Friday, December 23, 2011

“Christmas at Kresse’s”


c. 2011 Rod Ice
All rights reserved
(12-11)



Note to Readers: Each holiday season seems to spotlight a different Christmas memory for this writer. Two things happened during the year that made what follows here inevitable. First - I discovered a group called ‘Chardon Kresse’s Survivors’ on the social networking site facebook. It reminded me that working at the supermarket was an experience with lasting value. Second - I was contacted by a former co-worker from the store, Wayne Goebelt, who said he had been reading my columns in the Maple Leaf. Though I had not seen him in twenty years, we remained connected through this newspaper. I was humbled by his message.

Kresse’s Bi-Rite in Chardon was the sort of small-town grocery store that has all but disappeared from northeastern Ohio. This local business operated in what had once been an A & P location, and carried some leftover signage and fixtures from that company. The market offered butcher-shop meats, prepared on-site by traditional methods. It also provided fresh produce products that were hand-selected and trucked to Geauga County by our own driver. And bakery delights made from scratch by a talented crew. All of this was delivered in an atmosphere of old-fashioned, face-to-face customer service. In modern terms, such a store would be deemed as upscale, and out of the industry mainstream. Yet twenty years ago, these qualities were considered the norm for patrons on Water Street.

The business was owned by Frank Tainer, a local entrepreneur who also operated the Tanglewood Bi-Rite location. His focus was clear and unapologetic – to provide complete customer satisfaction. Excuses were unacceptable.

The store was supervised by a team of retail veterans. Store Manager Bob Herron had grown up in Pennsylvania, and learned his craft while rising through the ranks. Assistant Manager Mike Kelly had worked for A & P, as did Relief Manager John Raby.
I joined the crew in April of 1986, after working for American Seaway Foods, and Fisher’s Big Wheel. My knowledge of retailing remained undeniably limited.

But school was about to begin.

Kresse’s offered the kind of retail education that I could never have discovered in a classroom setting. I was able to work in close quarters with talented people from Fazio’s, Kroger, Pick-n-Pay, and many other Cleveland-area supermarket chains.

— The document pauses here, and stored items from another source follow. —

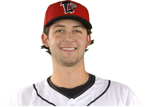
four-seam fastball, change-up, curve, slider

School ..... University of Pittsburgh Acquired ..... 368th overall, 12th round, 2021 Bats / Throws ..... Right / Right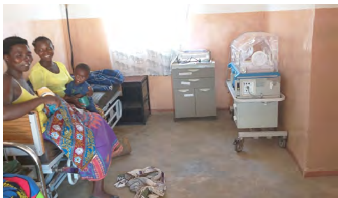
Mothers and infants wait in the postnatal maternity ward.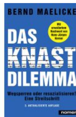
DAS KNAST-DILEMMA Ladenpreis: 25,60EUR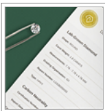
Global ambition: Diamond certification company tackling

This on-the-salesfloor interaction would provide the foundation for my own retail career, in years to come.

For this, I owe Mr. Tainer a lasting debt of gratitude. One which I can never repay.

Customers at Kresse’s often spoke about raising their children, while shopping at the store. Indeed, generations of families passed through our automatic doors. Trust and kinship were important. They kept coming back not just to find value, but to catch up with friends, and get advice for their dinner table.

Christmas of 1991 found us celebrating the holiday rush with typical enthusiasm. The store was nearly bursting with seasonal goodies. Every register was open, and a bagger stood ready to serve, at the end of each lane. Clerks were busy, everywhere. The shelves were full. Decorations dangled and spun. Genuine holiday cheer was in abundance. We worked frantically, like a re-assigned bunch of Santa’s elves.
The parcel-pickup drive, in front of our store, witnessed an endless stream of automobiles. Orders were loaded carefully, and glad tidings were repeated.

Christmas Eve brought all of this to a fever pitch. It was as if the entire place had become a community center. Last-minute purchases made our registers ring. We ran to find empty carts for waiting customers. And called out greetings across aisles of people.

Everyone felt blessed to be part of the team. It was our mission to serve, while celebrating with neighbors and friends.

We glad to be there. It was more than a job. In a real sense, it felt like home.
No one could have imagined that in only a few months, the store would close.

Postscript: Kresse’s Bi-Rite went out of business in March of 1992. The building at 425 Water Street in Chardon is currently occupied by a MARC’S location.